The topic of operational resilience has been around for decades, with extensive research following not just the technical aspects of IT failures and cyber-security incidents but also the contributing human factors and organisational behaviours. With all these years of research and review you might think it surprising that it’s such a hot topic again. Like many things in IT, there is a cycle of major incident, learning, new technology trend, and major incident again. From the early days like Y2K and ILOVEYOU, through Heartbleed and WannaCry to the more public AWS and Azure global outages, the pattern is consistent. Ensuring that we have systems in place to prevent mistakes and malicious intent continues to be a priority but the repetition of the large-scale events, not to name the millions of smaller ones, makes clear that prevention is not sufficient.

Operational resilience has emerged again as a hot topic within the UK, not only because of the recent public cloud outages but also because of high-profile retail cyber attacks and increased focus on supply chain issues due to changes in the global political climate.

What are we going to do differently this time?

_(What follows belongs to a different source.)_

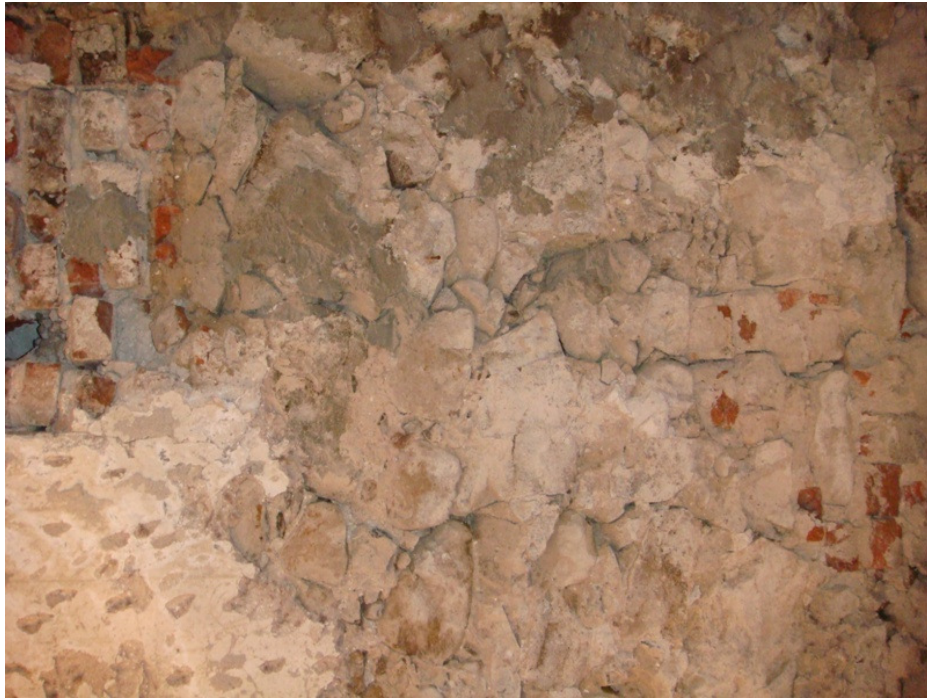
Photo 19B – Random nature of party wall between property numbers 1 & 3.

Also, is there anything we can do to predict where the next event might come from?

What resilience actually looks like

Every organisation I have spoken to, large and small, treats operational resilience more like operational robustness, focusing on the prevention of failure. Backups, annual disaster recovery testing and compliance check lists and are cornerstone of this practice. Confidence is built based on designs, audits, and spot-check testing of critical assets.

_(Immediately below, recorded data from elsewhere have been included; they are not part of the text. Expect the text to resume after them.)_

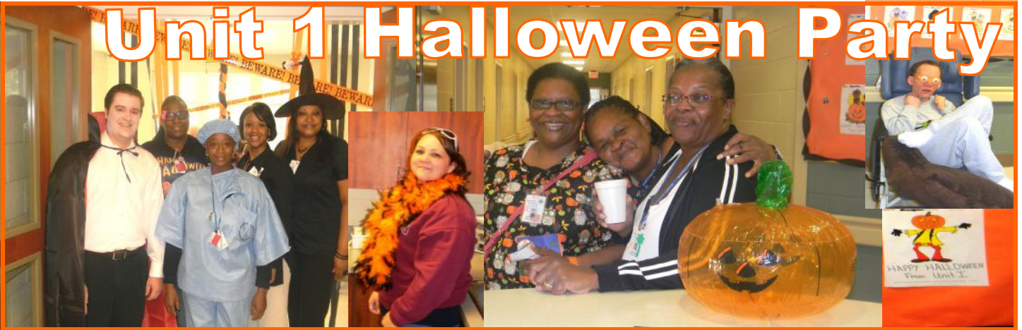
It was all treats and no tricks when Unit I had their Happening Halloween Party in October.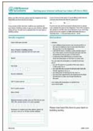
R85 allows interest to be paid gross

Of course, those not liable to tax can use form R85 to apply for gross payment of interest, but where money is invested by a parent on behalf of their child, it is actually treated as the parent's income for tax purposes as soon as the income exceeds £100 a year. For those with an eye to the longer term—particularly university education costs—having savings taxed is simply slowing the rate at which much-needed capital will grow.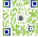
Faith Direct for eGiving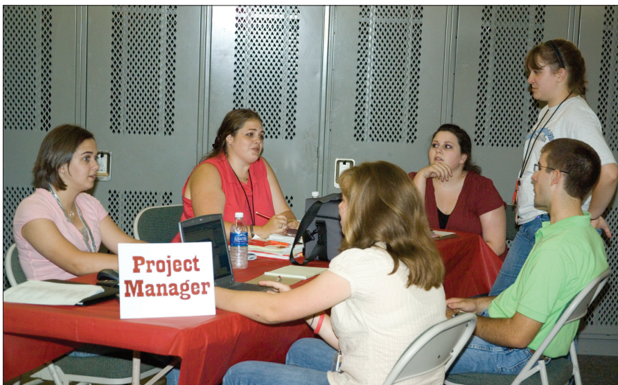
► Tossing around story ideas or just making new friends, The Scoop staff enjoyed working together.

"This may be a noncompetitive activity, but we still expect excellence from these juniors," French says. "We kept a level of professionalism but also kept that young feel to our publication."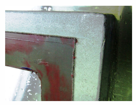
Cleaned Portion of Frame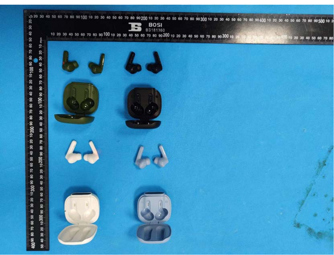
Page 1 of 8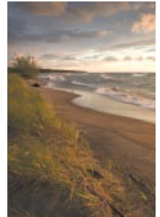
Mentor Headlands State Beach Park & Sand Dunes

The challenges I see when speaking to new customers are extensive:

  • Backup restores tested infrequently and at varying levels of granularity.
  • DR tests only performed annually and only for a sub-set of assets.
  • Assumptions of the availability and capacity of cloud platforms and SaaS vendors.
  • Assumptions on the ability to quickly restore platforms built with infrastructure-as-code.
  • Limited visibility of supply chains and the impact of their outages.
  • Limited testing of cybersecurity processes (through table-top exercises or red-team events)
  • Limited incident response or critical event training.

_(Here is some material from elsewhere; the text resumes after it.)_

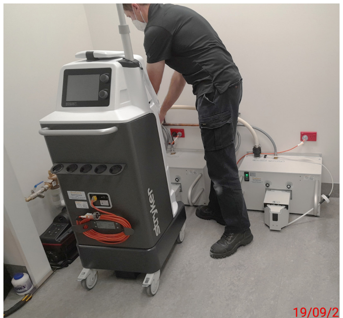
The Neptune machine and docking station being installed. This is a closed waste management system that collects, transports and disposes of surgical waste fluids.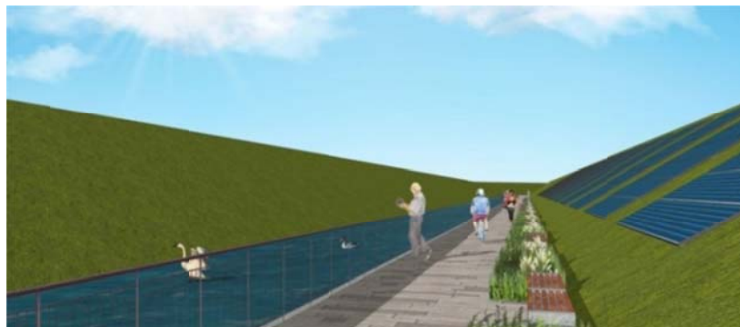
Figure 1 Super Bayou with Trail

Specifically, the RCCs are embedded into river bank/bed and replace soils with enclosed channels that contribute to an increase in water conveyance. RCC walls can be extended in order to deepen bayous further. Figure 1 shows a trail in a bayou where bikers and pedestrian enjoy clean water and green environment.

I do not pass judgement on any organisation that faces one or more of these challenges. Solving these issues is a matter of trade-offs of time, cost and risk. However, even in highly regularity organisations such as financial services where impacts could have critical national side-effects, I still see some of these challenges which tells me that even laws and regulations are not sufficient to prevent you from outages.

But it is not all doom and gloom, I am working with some organisations that are taking this more seriously and focusing less on robustness and more on resilience. This is where you assume failure in every aspect of your system, your organisation and your supply chain. With this mindset, you are acknowledging not just the cycle of external events that may impact you, but also that the systems we build are complex and the humans in our organisations that run them are even more complex than that. By assuming failure, you can test separately for each failure scenario across all of your assets and applications as well as system-based and human-based operators. You still prioritise by risk and budgets, but you’re doing so looking at the whole picture not just a small subset.

How to stress test resilience

Failures can be broken down into three categories:

  1. Platform issues - infrastructure, cloud, core systems (like DNS!)
  2. Dependencies and supply chain issues - suppliers (SaaS), dependencies (other systems), ecosystems (other tools in use like Slack)
  3. Operational and Human issues: people, processes, co-ordination.

Most incidents are a combination of all of these and knowing where to start can be difficult.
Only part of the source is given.